▸ **Exercise goal**
Leave out the pictures and restate exactly, and only, the lines from the one that contains "Theben 4940223, 4-way" through the final line of the material below.

▸ **Data excerpt**

::::

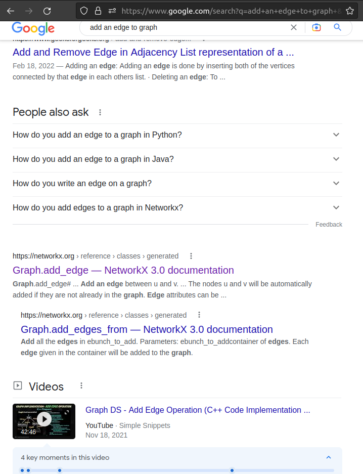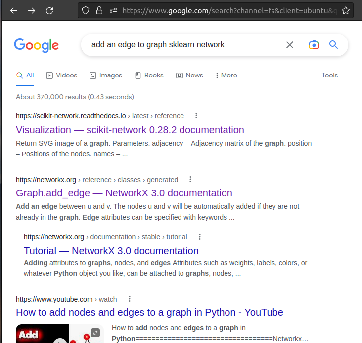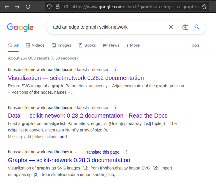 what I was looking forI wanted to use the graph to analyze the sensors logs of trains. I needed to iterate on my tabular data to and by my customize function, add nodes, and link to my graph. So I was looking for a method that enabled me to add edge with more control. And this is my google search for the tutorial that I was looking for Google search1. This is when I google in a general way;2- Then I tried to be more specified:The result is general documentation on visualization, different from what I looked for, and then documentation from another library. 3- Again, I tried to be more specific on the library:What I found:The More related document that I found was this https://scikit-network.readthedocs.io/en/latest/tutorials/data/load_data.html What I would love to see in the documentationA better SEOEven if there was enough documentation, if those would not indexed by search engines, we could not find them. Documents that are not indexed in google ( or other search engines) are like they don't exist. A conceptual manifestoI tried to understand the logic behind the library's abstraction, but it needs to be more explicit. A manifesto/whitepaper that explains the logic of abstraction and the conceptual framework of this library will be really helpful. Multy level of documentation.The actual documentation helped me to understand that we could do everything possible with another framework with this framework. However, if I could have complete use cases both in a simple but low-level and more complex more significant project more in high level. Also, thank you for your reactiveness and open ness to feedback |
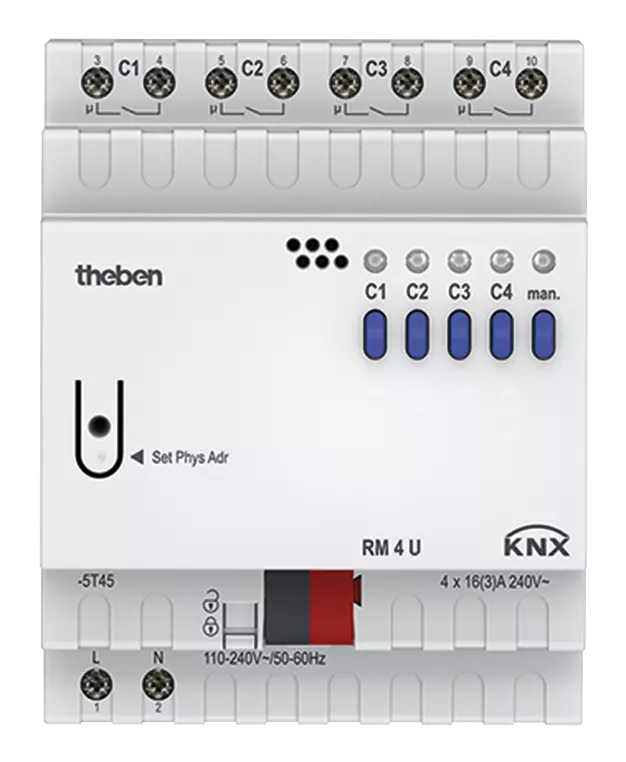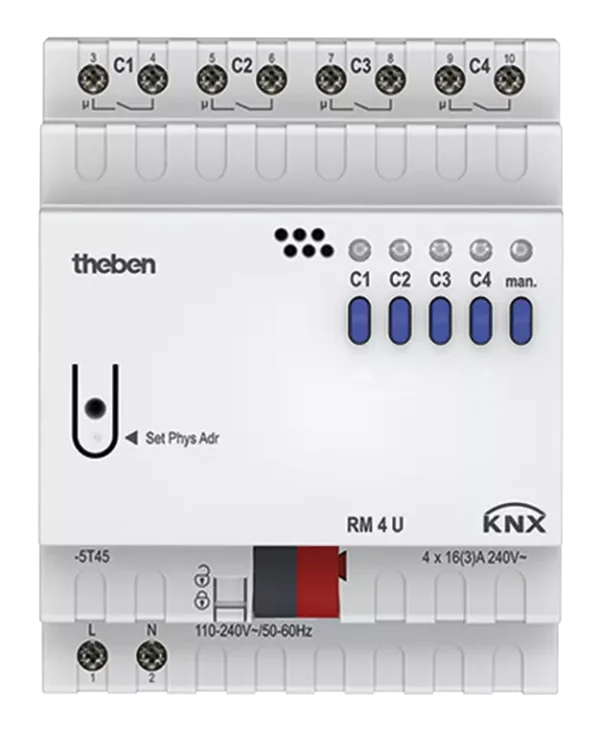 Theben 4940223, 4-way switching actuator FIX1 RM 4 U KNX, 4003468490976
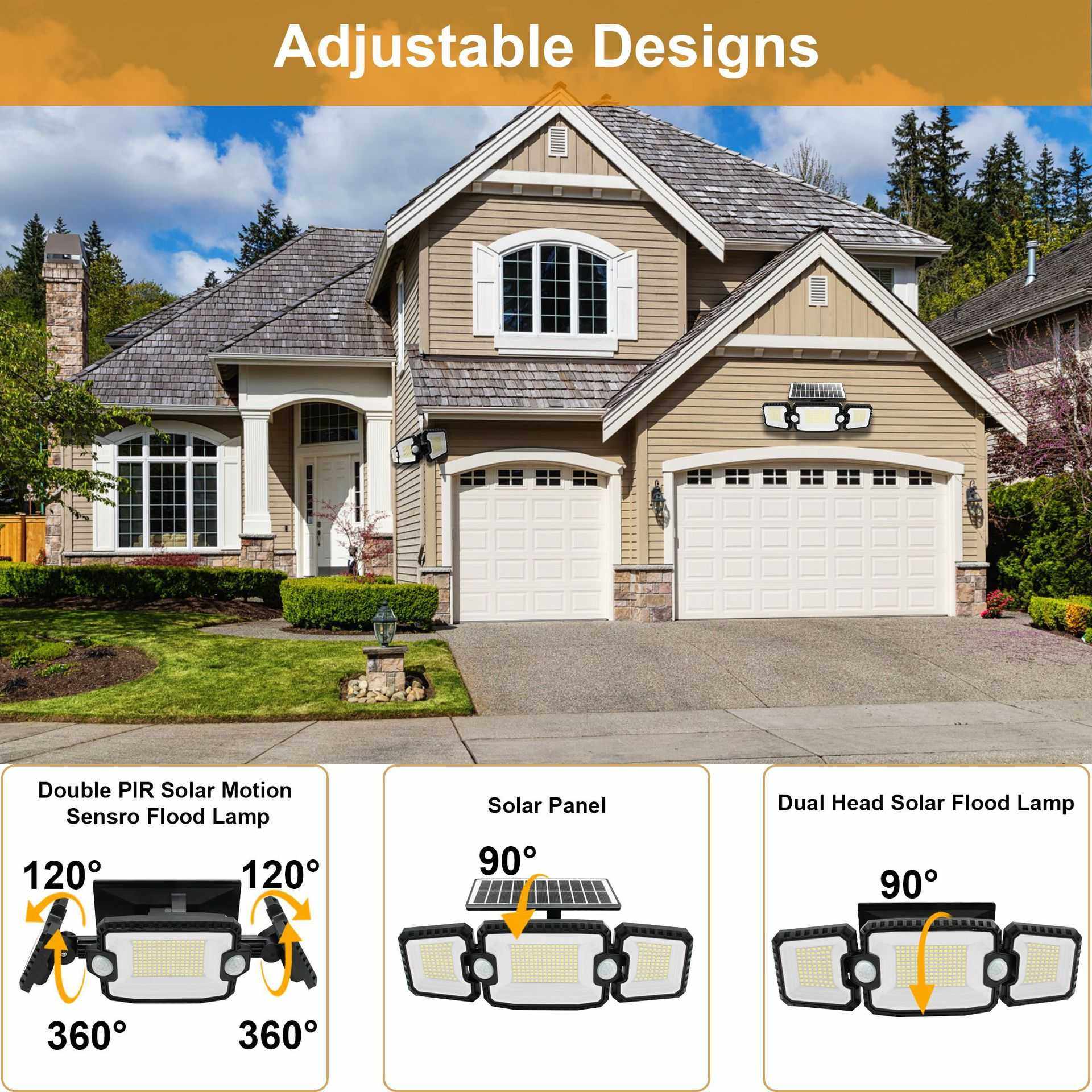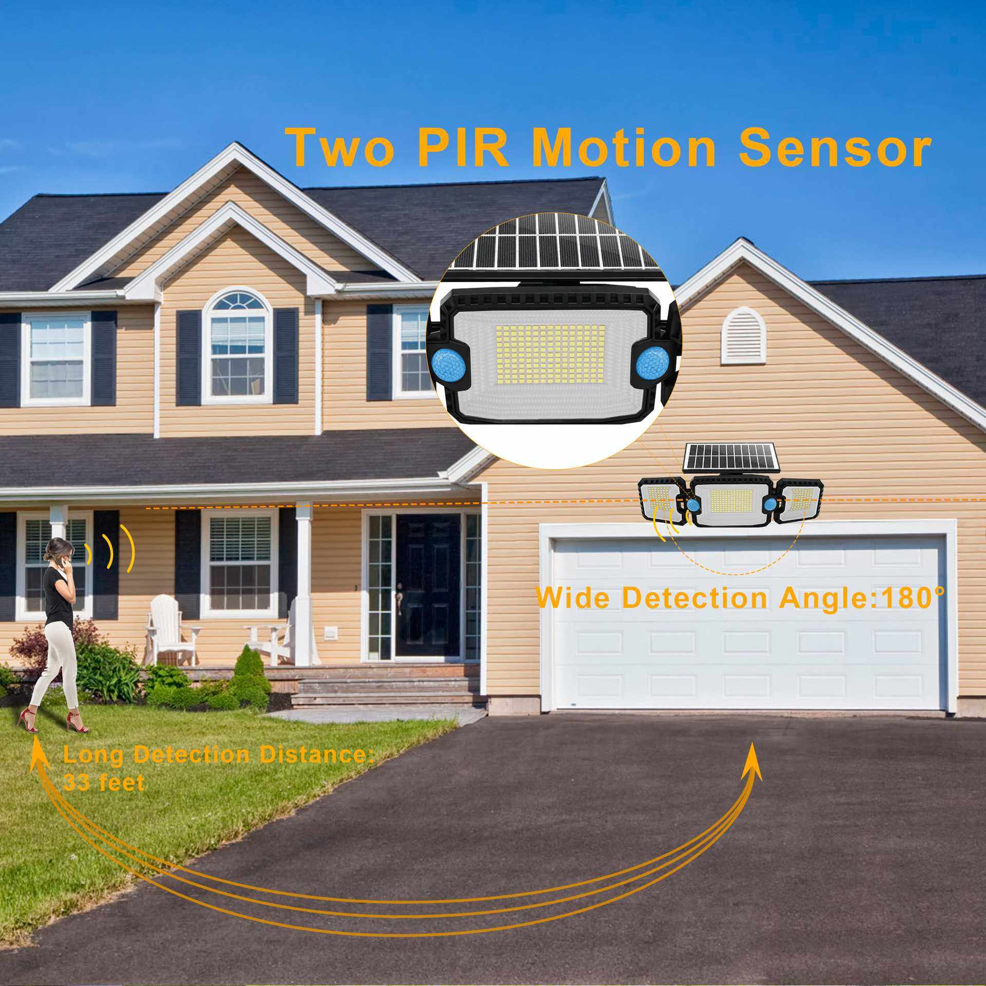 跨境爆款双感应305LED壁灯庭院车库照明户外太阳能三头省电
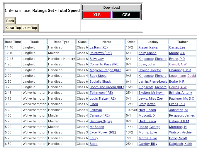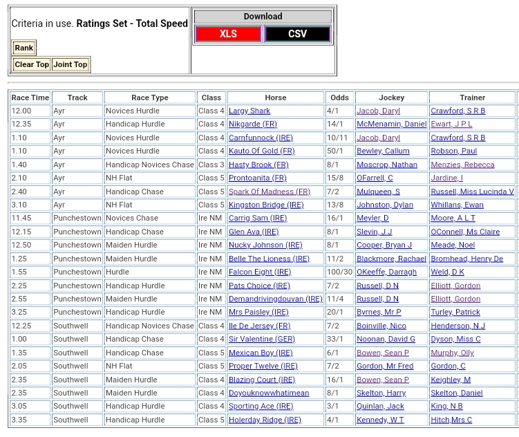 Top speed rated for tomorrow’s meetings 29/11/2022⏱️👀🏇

::::

▸ **Solution to this problem**
 Theben 4940223, 4-way switching actuator FIX1 RM 4 U KNX, 4003468490976
 跨境爆款双感应305LED壁灯庭院车库照明户外太阳能三头省电
 Top speed rated for tomorrow’s meetings 29/11/2022⏱️👀🏇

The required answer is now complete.